◆ **Problem statement**: Starting at the line that holds "03/16/1929 | 04/10/2017 |" and stopping at the line that holds "为积极贯彻落实《医学技术学院", restate the records below word for word, with both of those lines included.

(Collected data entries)
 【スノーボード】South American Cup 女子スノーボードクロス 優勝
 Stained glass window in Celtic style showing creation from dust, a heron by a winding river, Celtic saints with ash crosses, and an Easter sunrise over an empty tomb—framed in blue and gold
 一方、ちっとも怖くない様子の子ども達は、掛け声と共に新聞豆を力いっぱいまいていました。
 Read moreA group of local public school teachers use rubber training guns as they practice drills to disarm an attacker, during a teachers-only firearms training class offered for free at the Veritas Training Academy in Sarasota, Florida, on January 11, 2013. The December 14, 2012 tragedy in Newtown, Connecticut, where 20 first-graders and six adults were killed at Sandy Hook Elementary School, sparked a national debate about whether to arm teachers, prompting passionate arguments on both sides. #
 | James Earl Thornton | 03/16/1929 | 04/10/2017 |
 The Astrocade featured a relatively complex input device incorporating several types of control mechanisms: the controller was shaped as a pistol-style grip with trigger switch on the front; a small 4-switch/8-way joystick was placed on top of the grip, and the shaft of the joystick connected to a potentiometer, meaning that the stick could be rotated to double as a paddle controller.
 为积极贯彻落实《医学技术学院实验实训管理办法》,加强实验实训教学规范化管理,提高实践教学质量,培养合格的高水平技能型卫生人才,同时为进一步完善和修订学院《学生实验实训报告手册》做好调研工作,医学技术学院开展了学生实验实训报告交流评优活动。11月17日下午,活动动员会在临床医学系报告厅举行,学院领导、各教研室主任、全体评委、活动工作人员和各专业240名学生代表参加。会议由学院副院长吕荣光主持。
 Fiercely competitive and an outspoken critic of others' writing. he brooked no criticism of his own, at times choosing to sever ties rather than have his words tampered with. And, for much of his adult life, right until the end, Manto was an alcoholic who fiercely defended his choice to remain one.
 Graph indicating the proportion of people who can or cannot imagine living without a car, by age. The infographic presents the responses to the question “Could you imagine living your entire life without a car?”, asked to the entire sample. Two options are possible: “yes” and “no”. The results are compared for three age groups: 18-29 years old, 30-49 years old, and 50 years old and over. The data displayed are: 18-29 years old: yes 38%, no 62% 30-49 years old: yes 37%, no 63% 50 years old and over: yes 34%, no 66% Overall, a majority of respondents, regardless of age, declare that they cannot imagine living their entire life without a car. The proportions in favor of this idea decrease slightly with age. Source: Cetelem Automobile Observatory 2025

◆ **Response to the task**:
 | James Earl Thornton | 03/16/1929 | 04/10/2017 |
 The Astrocade featured a relatively complex input device incorporating several types of control mechanisms: the controller was shaped as a pistol-style grip with trigger switch on the front; a small 4-switch/8-way joystick was placed on top of the grip, and the shaft of the joystick connected to a potentiometer, meaning that the stick could be rotated to double as a paddle controller.
 为积极贯彻落实《医学技术学院实验实训管理办法》,加强实验实训教学规范化管理,提高实践教学质量,培养合格的高水平技能型卫生人才,同时为进一步完善和修订学院《学生实验实训报告手册》做好调研工作,医学技术学院开展了学生实验实训报告交流评优活动。11月17日下午,活动动员会在临床医学系报告厅举行,学院领导、各教研室主任、全体评委、活动工作人员和各专业240名学生代表参加。会议由学院副院长吕荣光主持。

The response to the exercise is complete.